Откуда-то ветром пригнало небольшое суденышко, и Сундарасена вместе с Дридхабуддхи, оказавшимся поблизости, забрался на него, словно на качели, качающиеся между жизнью и смертью. Не знал царевич, куда плыть, ибо все кругом, казалось, состояло из одной воды, и утратил мужество- уповал он только на Божество свое. И вот через три дня судно, подгоняемое тихим ветром, словно самой судьбой, достигло наконец берега. Когда ткнулось оно в песок, соскочил царевич, снова обретя надежду на жизнь, на берег вместе со своим другом. А там, придя в себя, заговорил он с Дридхабуддхи: «Переправился я наконец через океан, словно из Паталы вырвался, куда был волнами низвергнут. Но как мне теперь спокойно жить, когда погубил я министров своих Викрамашакти и Вйагхрапаракраму, Нандрапрабху и Бхимабхуджу, да еще и бескорыстно внимательного ко мне царя Махендрадитйу?» Ответил ему на это Дридхабуддхи: «Приободрись, божественный. Надеюсь я, что все будет хорошо. Может, и они, подобно нам, смогут переправиться через океан. Разве ведомы кому-нибудь непостижимые пути судьбы?»

Пока он так успокаивал царевича, пришли на берег совершить омовение два подвижника, и, увидав удрученного всем случившимся юношу, подошли к нему, и, расспросив обо всем, ласково стали увещевать: «Мудр ты, царевич, и ведомо тебе, что даже у Богов нет силы изменить действие дел прежних рождений, от которых и происходят и радости, и беды. Стойкий человек, желающий уничтожить беду, должен вершить добрые дела, а не предаваться сетованиям или истязанию тела. Брось горевать и позаботься о своем теле, ибо если тело здорово, то какая, скажи, цель жизни человеческой не может быть достигнута? Обладаешь ты всеми добрыми признаками, и непременно ждет тебя счастье». После этих слов, утешив, взяли они его с собой в обитель, и сколько-то дней прожили там Сундарасена и Дридхабуддхи в ожидании.

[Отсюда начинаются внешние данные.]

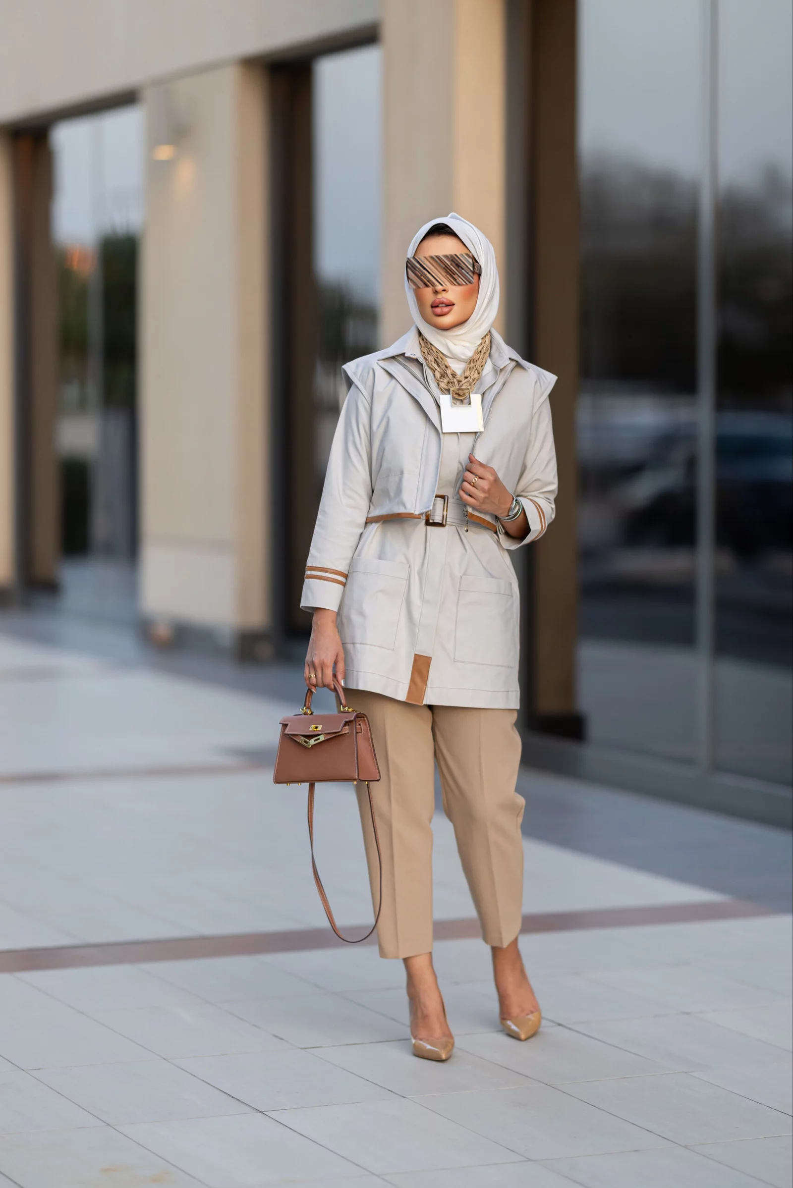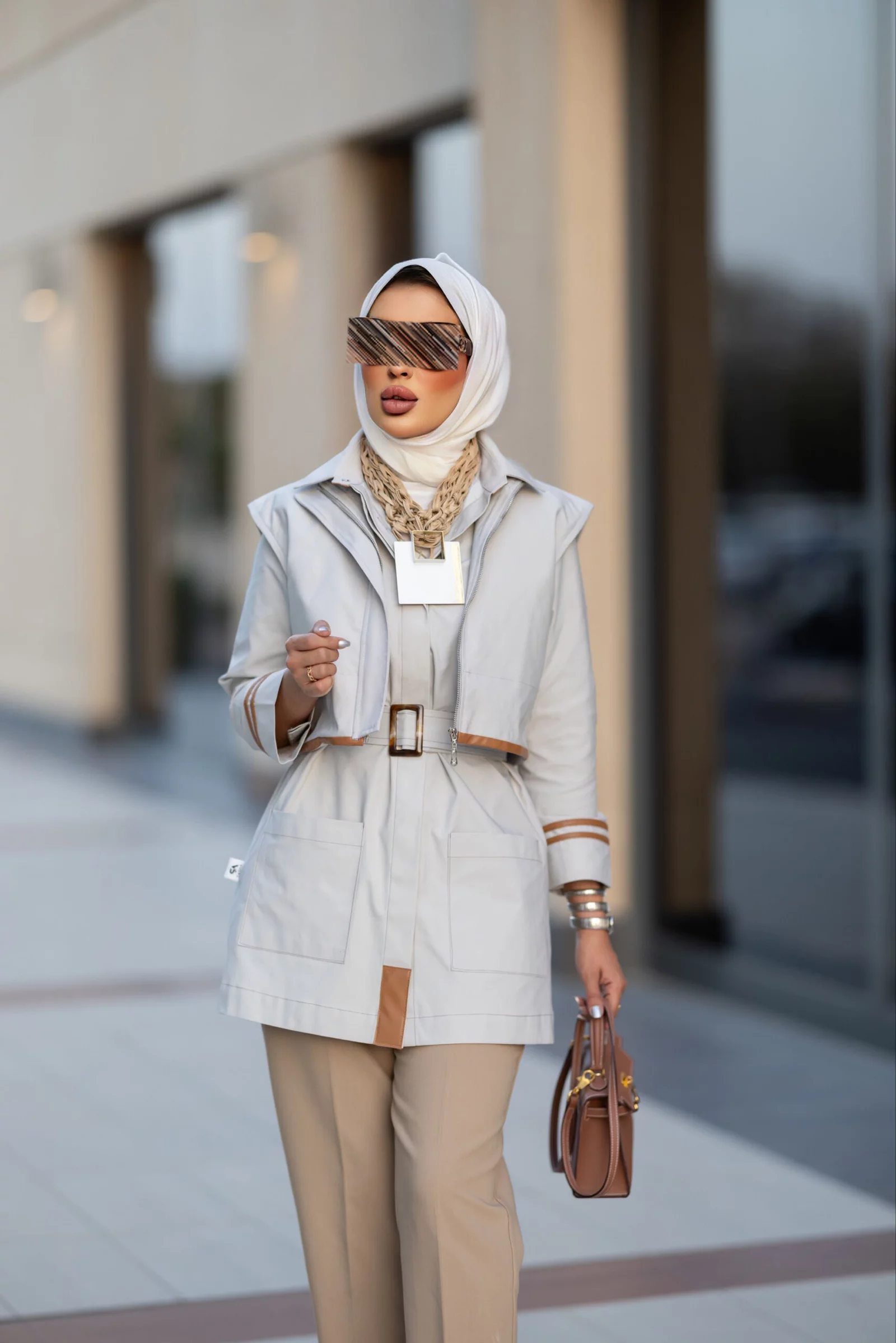 Two-tone trench coat with 40-inch belt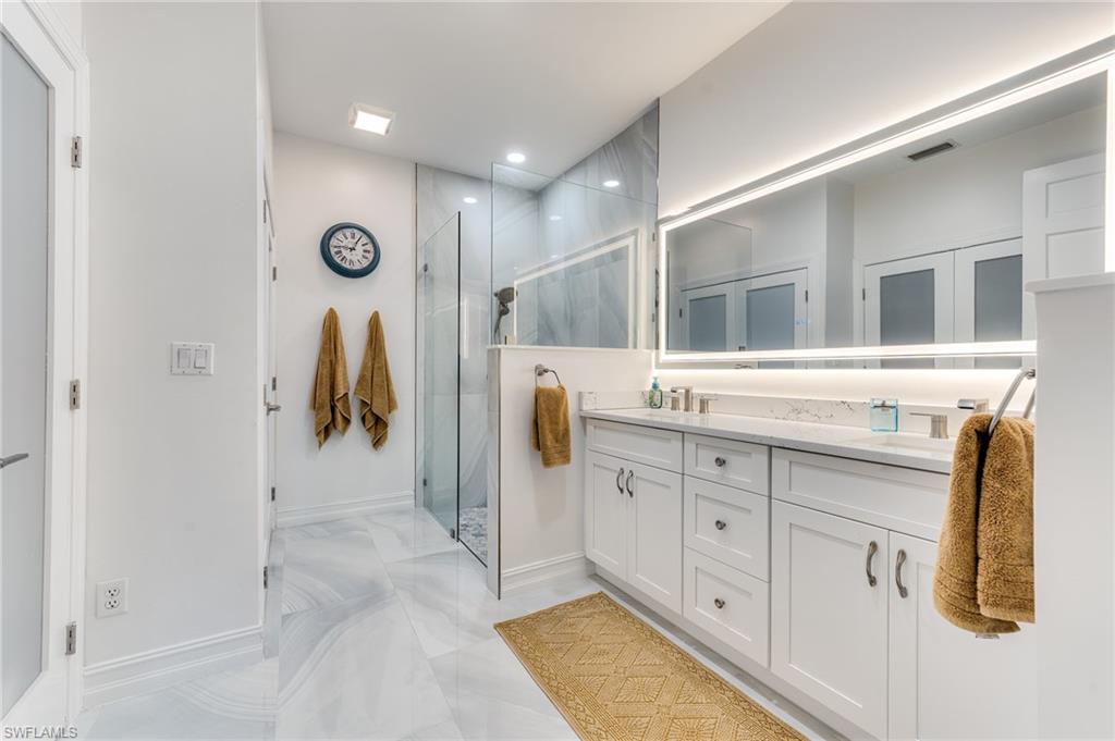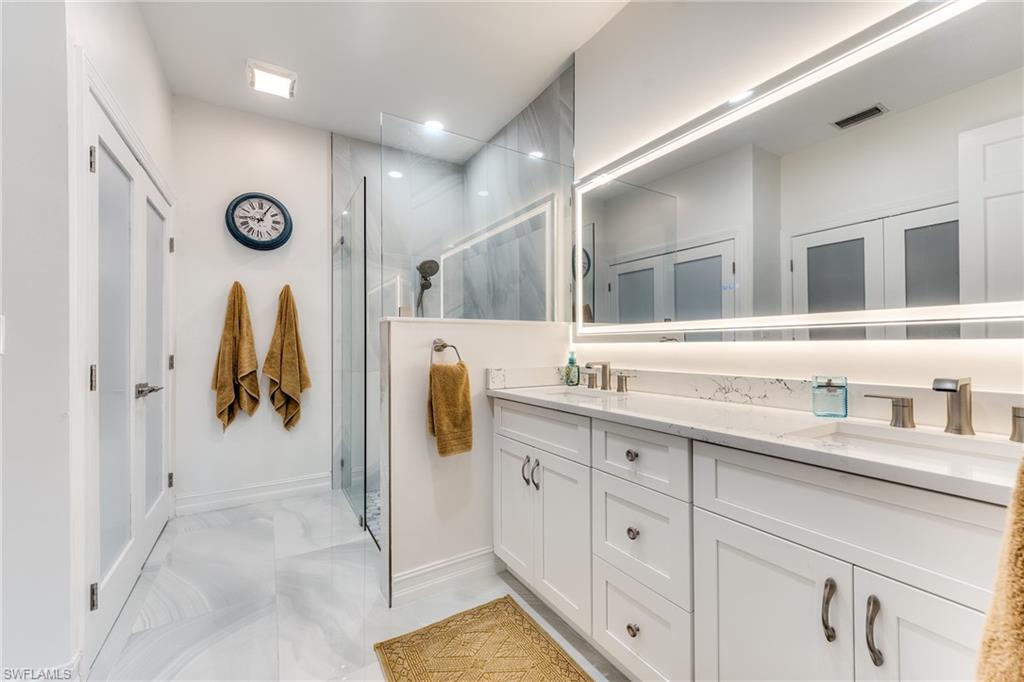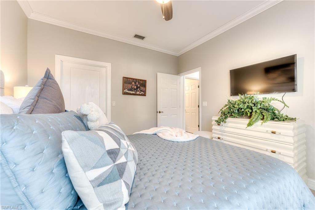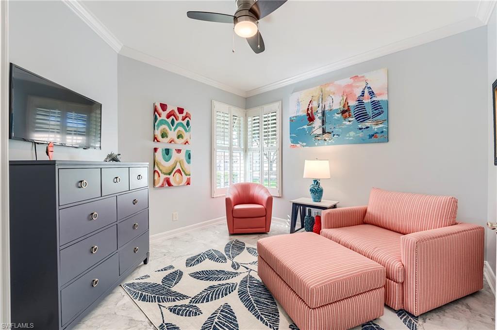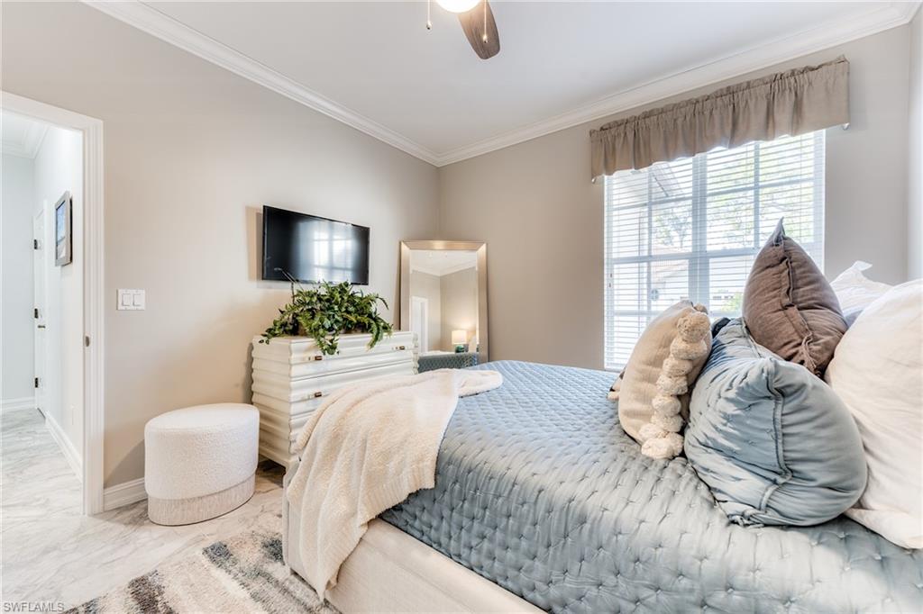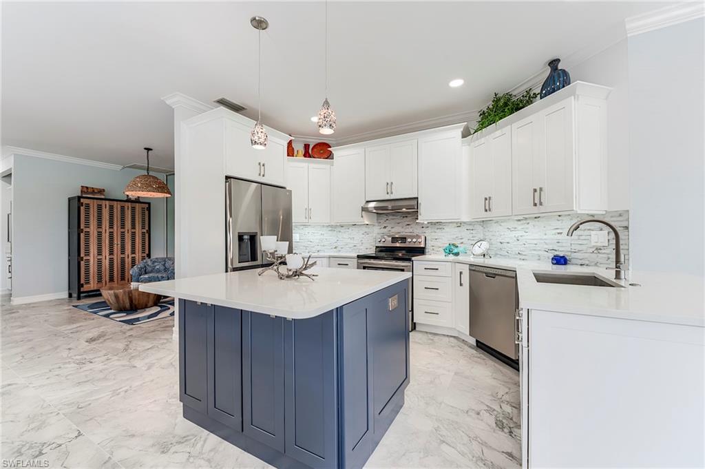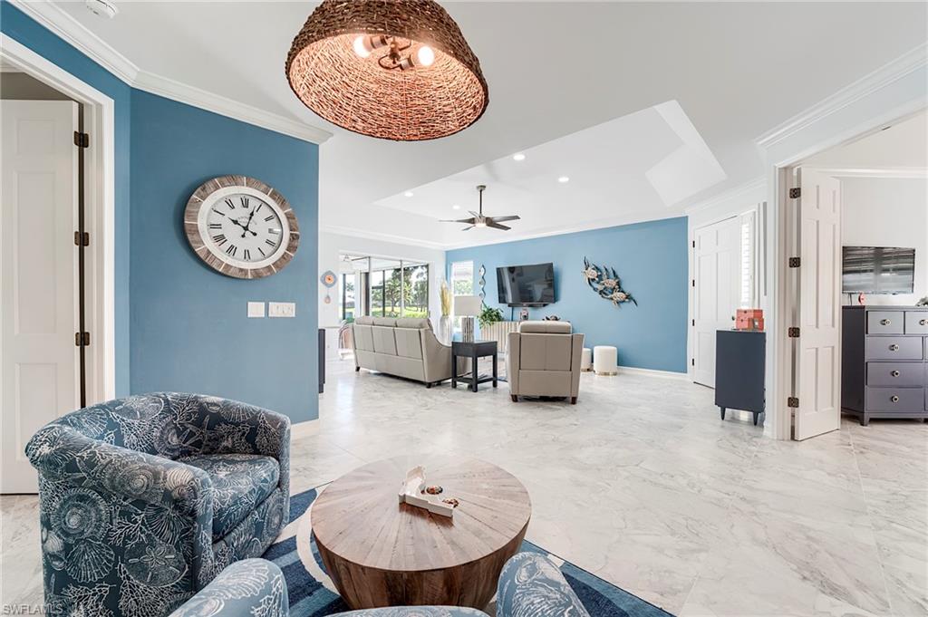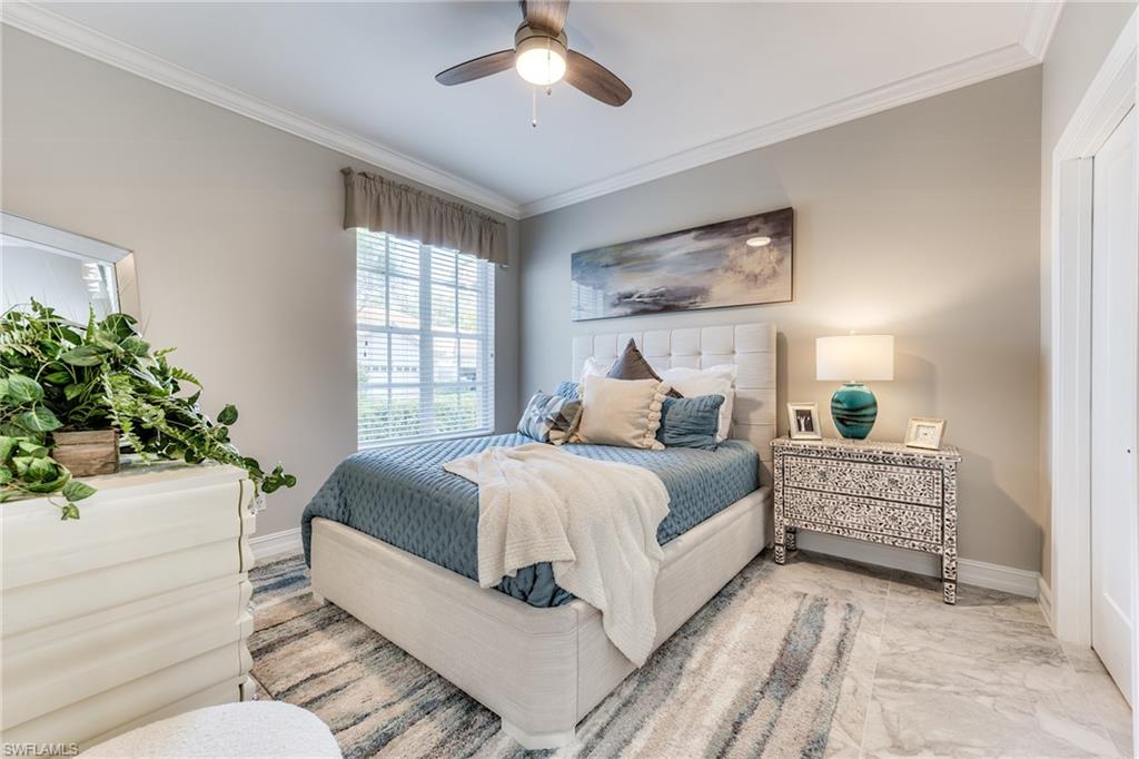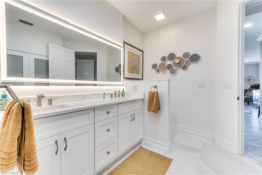 Amazingly gorgeous villa has been fully updated! It features an open floor plan with stunning 24 x 24 tile and elegant crown molding. The spacious kitchen boasts a large island, perfect for gatherings, while the cozy sitting area can serve as a formal dining space. Step out to the lanai, where you can enjoy breathtaking golf course and water views through a new panoramic screen. The primary bath is a luxurious retreat, complete with dual sinks featuring backlit mirrors and a roomy shower with an accent wall. Recent updates and extras include HVAC (2024), roof (2019), lanai screen (2021), interior doors, garage door & opener (2025), water softner, and replacement windows in the kitchen nook. All owners will need a social membership to the Estero Country Club, where you'll enjoy pickleball, tennis, bocce, multiple dining venues, fitness, and social activities. Golf memberships, including an executive membership for under 56, are also available for this fantastic 18 hole Gordon Lewis championship course that was just voted The BEST in Lee county. Don’t miss the opportunity to call this beautiful home your own!

А тем временем министры его добрались до берега силой своих рук: Вхимабхуджа в одном месте, а Викрамашакти в другом. В надежде, что, может быть, еще кто-нибудь спасся кроме них, удрученные горем, в поисках сотоварищей углубились они в глухой и пустынный лес. Другие два министра царевича — Чандрапрабха и Вйагхрапаракрама — вместе с царем Махендрадитйей тоже спаслись. Измученные, искали они Сундарасену, и не нашли, и на своем не получившем повреждений корабле приплыли в Шашанкапуру. Затем оба министра вместе с войском, оставленным в городе, зная обо всем, что случилось, заливаясь слезами, отправились к себе в город Алаку. Когда же вступили они туда, и не было с ними царевича, и оплакивали они его утрату, все горожане рыдали, и, казалось, рыдал с ними весь город. А царь Махасена и его супруга, услыша такую весть, готовы были умереть, будто истекла положенная им мера жизни. Они и расстались бы со своими телами, если бы не министры, удержавшие их от этого с помощью доводов, возвративших надежду. Отправился тогда царь вместе со своими приближенными в расположенный за городом храм Свайамбху и стал заниматься подвижничеством, ожидая вестей о сыне.

Царь же Хансадвипы Мандарадева, узнав о том, что дочь и зять погибли в океане, а двое министров его будущего зятя прибыли в Алаку и что жизнь царя Махасены держится теперь только на надежде и занимается он подвижничеством, решил и сам расстаться с жизнью. Да отговорили его министры, и он, оставив на них царство, отправился вместе с супругой своей Кандарпасеной в город Алаку к царю Махасене, которого постигло такое же несчастье, как и его: «Как он решил поступить, когда узнал о гибели сына, так и я поступлю!» А царь Махасена, узнав от Мандарадевы о горестной судьбе Мандаравати, глубоко ему посочувствовал, и стали они вместе заниматься подвижничеством — смирять чувства, воздерживаться от еды, спать на ложе из жестких и острых стеблей дарбхи.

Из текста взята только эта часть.